I called in and sat at my desk to write my letter of resignation. A second lieutenant had been filling in for me while I was on leave and had taken over my desk. He apologised when I turned up. He quickly vacated it and started to pack up the files. I told him that I was resigning and that I needed to grab my personal stuff and write a letter. I suggested that he just move the files to one side and to give me about half an hour and he could have the desk possibly permanently. I wrote in triplicate as I had been trained to. One was for the files, one for the Colonel, my immediate boss and one for the Group Captain. I was at a loss as to what to say. Did I go into the whys and wherefores? I stared around the tiny office and realised that it was about the size of a prison cell. That made me think of Atkinson, Allbright and Donaldson. I wondered where they were now. Still stuck for words I glanced across at the folders on my desk. Intrigued by one marked “For the eyes of Group Captain Bramstoke only”, I flicked through the contents. As I suspected there was a transcript of a conversation, but what I didn’t suspect was the nature and indeed the participants of the conversation. Those participants weren’t named. Numbers were given to each of the people. They weren’t defence force personnel based on what was being said. I read and reread the words. I realised I had seen those speech patterns before. Even without the tape to back up my gut feeling I was confident that the voices wore no uniform and were ones I had listened to the previous year on tapes of leading members of the then Opposition.
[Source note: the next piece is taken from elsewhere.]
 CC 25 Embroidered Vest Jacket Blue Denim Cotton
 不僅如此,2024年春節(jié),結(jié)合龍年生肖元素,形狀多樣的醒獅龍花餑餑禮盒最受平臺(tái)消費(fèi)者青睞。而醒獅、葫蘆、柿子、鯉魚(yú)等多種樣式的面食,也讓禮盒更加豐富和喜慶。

I closed the file and then like some automaton wrote my letter of resignation and placed the original and the copies in separate envelopes. Picking up the folder containing the transcript, I walked out of my office for the last time, leaving behind the keepsakes I had come for. At my boss’s secretary’s desk, I placed one envelope in the tray marked ‘for permanent filing’. I knocked on the Colonel’s door and entered. I saluted and stood at attention after he had invited me in. He read my letter without comment and then when I half expected him to say that resigning was against regulations, he reached across his desk and shook my hand. He wished me all the best and then stood to attention and saluted me. I returned the salute and turned on my heel and marched out as I had been initially trained to do.

The lift up to the top floor seemed to travel very slowly. I walked right by the Group Captain’s secretary, knocked on the door and went straight in. I offered no salute to the surprised man sitting at his desk speaking on the phone. He immediately told the person on the other end of the line that he would call him back. I threw the folder on his desk. He looked down at it and then up at me. He quickly scanned the contents and began an explanation that I didn’t want to hear, “The defence force needs to know what the politicians are thinking so we can plan ahead and…….” His voice trailed off when I threw my resignation letter on his desk as well. He opened it, read it and then looked up at me.

I hadn’t uttered a word up until that point. There was no need to. I had rehearsed what I was going to say. I was prepared to ignore my father’s advice to not do what he did. My father’s words of resignation were repeated again to a senior officer some twenty-seven years later.